Dapper Labs, a leading blockchain company, has terminated payment services for holders of non-fungible tokens with ties to Russia, citing EU sanctions in a blog post.
- According to the firm’s announcement, users subject to the penalties will retain ownership of their NFTs and monies, however, they will not be able to transfer or utilize them in any way. Any NFT that an affected user previously bought still belongs to that user, despite the new regulation.
- This decision has gotten a mixed response from the cryptocurrency community. Some members said that the issue was entirely outside the firm’s control. In contrast, others claimed these restrictions were against cryptocurrencies’ decentralization and censorship-resistant features.

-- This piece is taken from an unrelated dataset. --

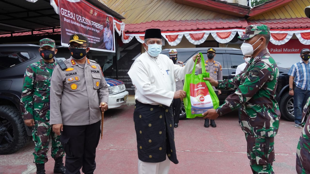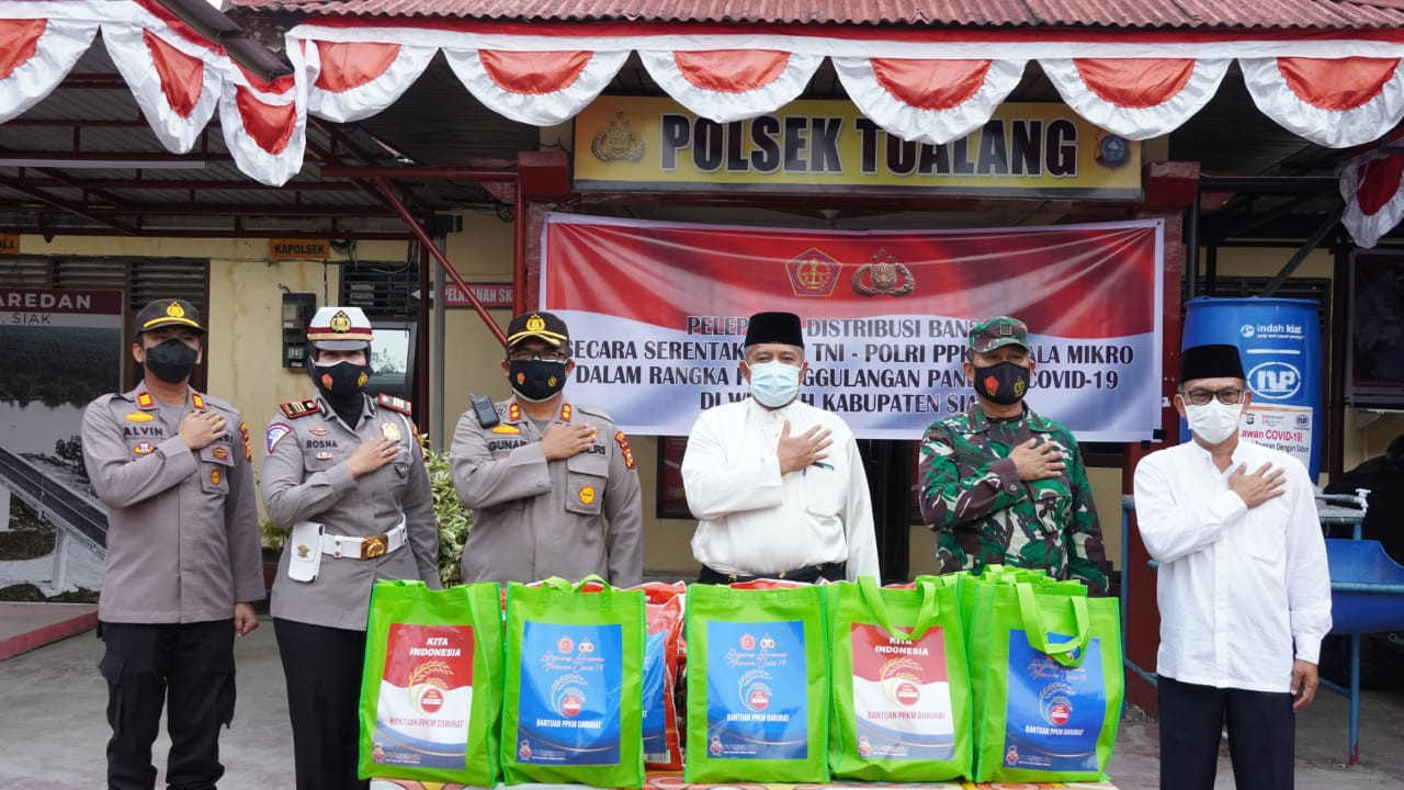 Bupati Siak Alfedri memberikan apresiasi atas penyaluran bantuan sosial berupa sembako dari pemerintah melalui Polri dan TNI yang dilaksanakan secara serentak se-Indonesia tanggal 16 juni 2001, termasuk Kabupaten Siak untuk warga yang berdampak penerapan kebijakan PPKM Mikro.

See Related: Russian Government To Legalize Crypto For Cross-Border Payments
EU Sanctions Against Russia
- The EU sanctions constitute a step forward from earlier limitations on cryptocurrencies in April. The supply of crypto-asset wallets, accounts, and custody services is prohibited under the most recent round of EU sanctions on Russia, announced on October 6. This prohibition applies regardless of the overall value of the assets.
- According to a press release from the EU, current restrictions on bitcoin assets have been enhanced by prohibiting services regardless of the value of a wallet. This was previously restricted to €10,000.
- The harsher penalties are meant as retaliation for “Russia’s continuous escalation and unlawful war against Ukraine.” This includes the mobilization of more soldiers and the blatant use of nuclear threats.
- The penalties which target the Russian government, economy, and international target, include financial sanctions against banning the operations of crypto firms in Russia.